| SOURCE DATA |
......

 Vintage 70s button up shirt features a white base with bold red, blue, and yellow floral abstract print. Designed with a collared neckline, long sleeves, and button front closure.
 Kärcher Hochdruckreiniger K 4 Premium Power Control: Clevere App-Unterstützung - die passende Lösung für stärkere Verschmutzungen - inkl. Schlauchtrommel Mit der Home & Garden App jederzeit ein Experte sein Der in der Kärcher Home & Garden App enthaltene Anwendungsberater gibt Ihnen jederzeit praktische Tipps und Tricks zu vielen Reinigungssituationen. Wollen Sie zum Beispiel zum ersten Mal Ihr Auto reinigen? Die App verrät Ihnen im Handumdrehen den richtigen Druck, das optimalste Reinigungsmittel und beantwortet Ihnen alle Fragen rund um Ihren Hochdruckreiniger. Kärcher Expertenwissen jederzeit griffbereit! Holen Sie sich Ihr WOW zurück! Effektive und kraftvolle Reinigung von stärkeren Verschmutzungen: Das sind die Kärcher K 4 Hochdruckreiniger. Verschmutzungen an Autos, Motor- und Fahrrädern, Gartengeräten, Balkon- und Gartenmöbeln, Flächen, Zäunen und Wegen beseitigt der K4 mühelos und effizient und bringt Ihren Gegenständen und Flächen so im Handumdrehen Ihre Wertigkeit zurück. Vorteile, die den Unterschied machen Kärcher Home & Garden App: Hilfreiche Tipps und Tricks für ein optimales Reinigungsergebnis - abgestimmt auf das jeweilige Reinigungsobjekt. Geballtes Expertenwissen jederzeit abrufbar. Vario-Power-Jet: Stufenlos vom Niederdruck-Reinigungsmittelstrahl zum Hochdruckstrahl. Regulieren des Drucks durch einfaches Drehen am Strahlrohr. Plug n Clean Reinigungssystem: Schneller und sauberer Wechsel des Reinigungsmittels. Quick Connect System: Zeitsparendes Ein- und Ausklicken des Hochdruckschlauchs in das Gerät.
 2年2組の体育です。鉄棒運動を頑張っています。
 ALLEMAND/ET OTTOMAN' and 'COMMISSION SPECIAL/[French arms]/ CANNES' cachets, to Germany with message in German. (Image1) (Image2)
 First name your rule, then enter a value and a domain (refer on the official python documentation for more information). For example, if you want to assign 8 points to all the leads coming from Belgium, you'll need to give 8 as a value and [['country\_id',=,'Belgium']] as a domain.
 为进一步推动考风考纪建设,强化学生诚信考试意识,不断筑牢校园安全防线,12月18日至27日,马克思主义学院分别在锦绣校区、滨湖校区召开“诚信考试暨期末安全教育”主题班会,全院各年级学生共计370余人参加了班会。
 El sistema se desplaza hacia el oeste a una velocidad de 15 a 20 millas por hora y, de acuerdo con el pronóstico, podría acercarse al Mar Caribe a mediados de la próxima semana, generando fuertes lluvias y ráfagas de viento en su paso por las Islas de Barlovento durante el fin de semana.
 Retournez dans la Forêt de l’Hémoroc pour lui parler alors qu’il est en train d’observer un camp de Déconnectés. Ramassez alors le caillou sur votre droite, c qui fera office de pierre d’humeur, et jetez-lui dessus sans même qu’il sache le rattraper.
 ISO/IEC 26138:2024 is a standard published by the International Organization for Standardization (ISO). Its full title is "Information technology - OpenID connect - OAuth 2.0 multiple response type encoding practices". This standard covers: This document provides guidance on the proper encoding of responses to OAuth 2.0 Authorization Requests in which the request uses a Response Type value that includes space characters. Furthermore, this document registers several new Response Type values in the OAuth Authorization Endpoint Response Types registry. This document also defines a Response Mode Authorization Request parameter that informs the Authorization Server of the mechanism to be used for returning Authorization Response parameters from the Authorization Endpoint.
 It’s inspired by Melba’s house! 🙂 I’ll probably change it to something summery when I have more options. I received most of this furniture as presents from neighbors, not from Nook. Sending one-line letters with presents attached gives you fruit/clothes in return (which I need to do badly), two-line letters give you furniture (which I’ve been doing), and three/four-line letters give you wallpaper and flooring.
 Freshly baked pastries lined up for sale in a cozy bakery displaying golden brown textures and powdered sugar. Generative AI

......

| EXERCISE AIM |
Within the records, tally every line that contains the word "need". Only the resulting number should be given.

| ANSWER FOR THE TASK |
2